If thera are 2 searchable documents. One containing a url such as:

1:

Lorem ipsum dolor, https://www.facebook.com, elit wisi imperdiet integer, vitae nam lobortis.

2:

Facebook lorem ipsum dolor, elit wisi imperdiet integer, vitae nam lobortis.

And one searches for “facebook”.
How to make the rules so only document 2 is returned (because first one has facebook in the url)?

Hi @ddl449,

Thanks for contacting Algolia support and for helping the community by posting your question to discourse!

I want to ask some clarifying questions to make sure that we can answer your question as best we can.

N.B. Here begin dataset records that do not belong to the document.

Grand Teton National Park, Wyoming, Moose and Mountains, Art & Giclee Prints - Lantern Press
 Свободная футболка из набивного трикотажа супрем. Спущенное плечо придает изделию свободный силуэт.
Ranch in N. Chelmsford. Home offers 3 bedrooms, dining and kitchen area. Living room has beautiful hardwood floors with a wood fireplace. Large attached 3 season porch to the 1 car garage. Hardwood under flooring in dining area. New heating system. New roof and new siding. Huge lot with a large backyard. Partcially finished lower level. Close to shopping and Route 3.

When you say “searchable documents”, are you using our docSearch?
If not docSearch, would you be able to clarify the structure of your record? Is it something like this:

{ title: "lorem ipsum dolor", url: "https://www.facebook.com", body1: "elit wisi imperdiet integer", body2: "vitae nam lobortis" }

We look forward to hearing back!

Hi @ajay.david,

Thanks for the reply!

By documents I mean records in a index, sorry for that.

{ title: "title1", description: "https://www.facebook.com lorem ipsum dolor."}
{ title: "title2", description: "Facebook lorem ipsum dolor."}

Searchable attribute is only description. If I search “facebook” we will have 2 hits by default. Is it possible to identify that facebook inside record no1 is part of a url so it’s not returned?

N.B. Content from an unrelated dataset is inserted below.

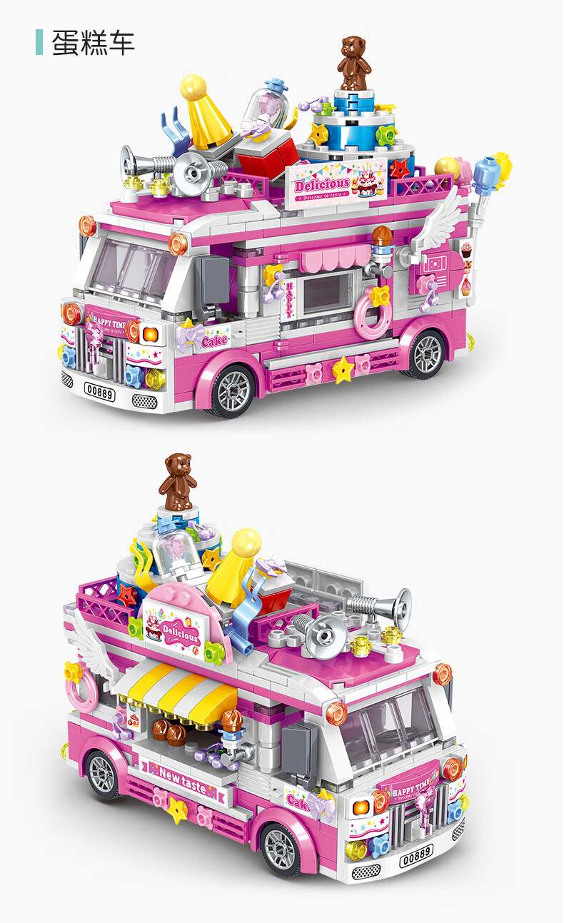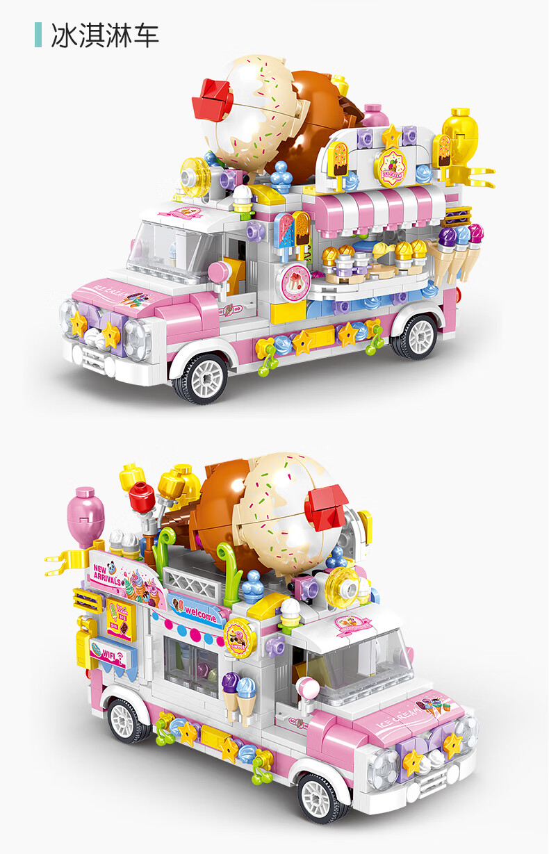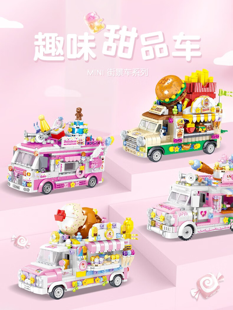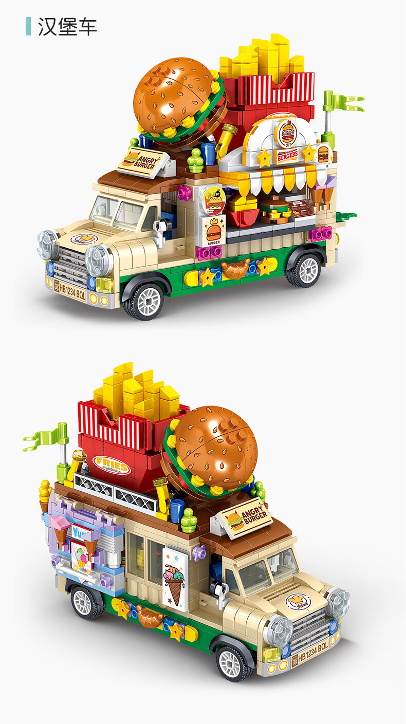 哲高 积木拼装雪糕车冰淇淋汉堡车美食车儿童玩具送女生生日礼物 00891汉堡车-638PCS

In other words: I search for “facebook” and only record no2 is returned.

Cheers,
Dio

Hi @ddl449,

Thanks for the additional information on your record structure.

There is no way to automatically exclude a URL from being searched if it is part of the text of a searchableAttributes - in this case your description.

Based on the sample records, to exclude record 2 from a search for “facebook” you would have to do some work to restructure your data or add a query rule.

Restructure Data: One approach would be to duplicate the description field and call it description_without_url. Then you can set description_without_url as a searchableAttributes and the original description as the attributesToHighlight.

Query Rule: This one assumes you know every word of what you want to exclude. You can use a query rule to add a filter removing the objectID of the specific record to exclude, if the query contains facebook.

I do want to note that without implementing anything extra, the standard Algolia relevance setup would list record 2 before (more relevant) record 1.

I hope this helps! Happy coding.